Recently, Solana and Dialect jointly launched a new Solana concept "Actions and Blinks", which implements one-click operation functions such as exchange, voting, donation, and minting through browser extensions. Actions simplify the execution of various operations and transactions, while Blinks ensure network consensus and consistency through time synchronization and sequential recording. The combination of the two enables Solana to provide a high-performance, low-latency blockchain experience. The development of Blinks requires support from Web2 applications, which brings issues of trust, compatibility, and collaboration between Web2 and Web3. Compared to Farcaster and Lens Protocol, Actions and Blinks rely more on Web2 applications to obtain traffic, while the latter relies more on on-chain security.

1. Working Principles of Actions and Blinks

1) Actions (Solana Actions)

According to the official definition: Solana Actions are standardized APIs for transactions on the Solana blockchain. These transactions can be previewed, signed, and sent in various environments, including QR codes, buttons + widgets, and websites on the Internet.

Actions can be simply understood as transactions awaiting signature. Furthermore, Actions are an abstract description of transaction processing mechanisms in the Solana network, covering various tasks such as transaction processing, contract execution, and data operations. Users can send transactions through Actions, including token transfers and purchasing digital assets. Developers use Actions to call and execute smart contracts, implementing complex on-chain logic.

Solana processes these tasks through "Transactions", each of which consists of a series of instructions executed between specific accounts. Through parallel processing and the Gulf Stream protocol, Solana forwards transactions to validators in advance, reducing confirmation delays. Through fine-grained locking mechanisms, Solana can simultaneously process a large number of non-conflicting transactions, greatly increasing system throughput. Solana uses Runtime to execute transaction and smart contract instructions, ensuring the correctness of transaction inputs, outputs, and states during execution.

After initial execution, transactions await block confirmation. Once a majority of validators agree on a block, the transaction is considered final. Solana can process thousands of transactions per second, with confirmation times as low as 400 milliseconds. Thanks to the Pipeline and Gulf Stream mechanisms, the network's throughput and performance are further improved.

Actions are not just tasks or operations; they can be transactions, contract executions, or data processing. These operations are similar to transactions or contract calls in other blockchains, but Solana's Actions have unique advantages:

Efficient processing: Solana has designed an efficient method to process Actions, enabling rapid execution in a large-scale network.

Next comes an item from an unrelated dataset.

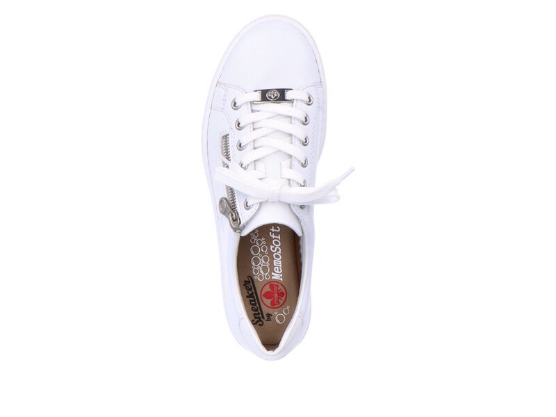 Achtung Trendalarm! Diese edelweißen Rieker Sneaker aus Glattleder überzeugen mit echtem Komfort für die Füße. Trotz Schnürung kann der Schuh ganz einfach mit einem Reißverschluss geschlossen werden. Die griffige Sohle überzeugt auf ganzer Linie und die extra weiche MemoSoft-Decksohle sorgt für mehr Tragekomfort. Trageluxus pur!

Low latency: Solana's high-performance architecture ensures that the processing latency of Actions is very low, supporting high-frequency transactions and applications.

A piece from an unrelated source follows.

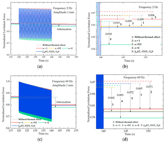 Figure 3 further displays the normalized dynamic levitation forces from 115 to 155 s at 2 and 60 Hz by five different calculations of different Jc–T formulas. Figure 3a,c show the general view of the dynamic process, while Figure 3b,d zoom in the vibration end to better compare the different levitation force changes. The corresponding movement of the PMG is depicted in Figure 1. It is found that the continuous vibration of the PMG can lead to the levitation force attenuation. Table 2 collects the attenuation values of each case. The attenuation is the difference between the results obtained at the beginning (120 s) and the end (140 s) of the dynamic condition process, which can be seen in Figure 3b,d. We can find in Table 2 that with the increase of the frequency, the attenuation gets more obvious. This is because the flux inside the HTS bulk under higher vibration frequency is more intense. Other studies in the literature [15,16] have concluded that the levitation force is a little higher when not considering the thermal effect than when accounting for the thermal effect, because the attenuation caused by thermal loss is not considered. From this point of view, under the experimental vibration condition, the force attenuation without the thermal effect is a little smaller than the case considering the thermal effect, in which Jc retains some mathematic relationships with temperature T during the calculations. As shown in Table 2, the calculated force attenuation without considering the thermal effect is 0.009 at 2 Hz, and 0.065 at 60 Hz. However, the calculation results considering the thermal effect, such as 0.006 under α = 1 at 2 Hz and 0.062 under α = 3/2 at 60 Hz, are smaller. In addition, 0.010 under the linear function and 0.009 under α = 3/2 at 2 Hz are almost the same, with 0.009 at 2 Hz without any thermal effect. Therefore, only the results calculated by Equation (7) with α = 2 are satisfied and reasonable, which is the same conclusion by the quasi-static comparison in Figure 2.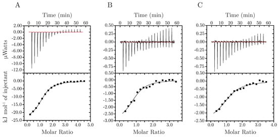 ITC measurements of interactions between Hst5 variants and Zn2+. Plots showing ITC data representative of the experiments. Titration of Zn2+ with (A) WT Hst5, (B) Hst5DZM, and (C) Hst5ZM.

Flexibility: Actions can perform various complex operations, including smart contract calls and data storage/retrieval (for more detailed information, please refer to the expansion link).

2) Blinks (Blockchain Links)

According to the official definition: Blinks can convert any Solana Action into a shareable link rich in metadata. Blinks enable clients supporting Actions (browser extension wallets, bots) to display more functions to users. On websites, Blinks can trigger transaction previews in wallets immediately without redirecting to decentralized applications; in Discord, bots can expand Blinks into a set of interactive buttons. This allows any web interface displaying URLs to initiate on-chain interactions.

In simple terms, Solana Blinks convert Solana Actions into shareable links (similar to HTTP). By enabling relevant features in supported wallets (such as Phantom, Backpack, and Solflare), websites and social media can become places for on-chain transactions, allowing any website with a URL to directly initiate Solana transactions.

In summary, although Solana Actions and Blinks are permissionless protocols/standards, they still require client applications and wallets to ultimately help users sign transactions, compared to intent narrative solvers.

The direct goal of Actions and Blinks is to "HTTP-link" Solana's on-chain operations and parse them into Web2 applications such as Twitter.

2. Application of Decentralized Social Protocols on Ethereum

1) Farcaster Protocol

Farcaster is a decentralized social graph protocol based on Ethereum and Optimism, enabling applications to interconnect through decentralized technologies such as blockchain, P2P networks, and distributed ledgers. This allows users to seamlessly migrate and share content across different platforms without relying on a single centralized entity. Its open graph protocol (automatically extracting and injecting interactive features into shared content from social network posts) enables shared content to be automatically extracted and transformed into interactive applications.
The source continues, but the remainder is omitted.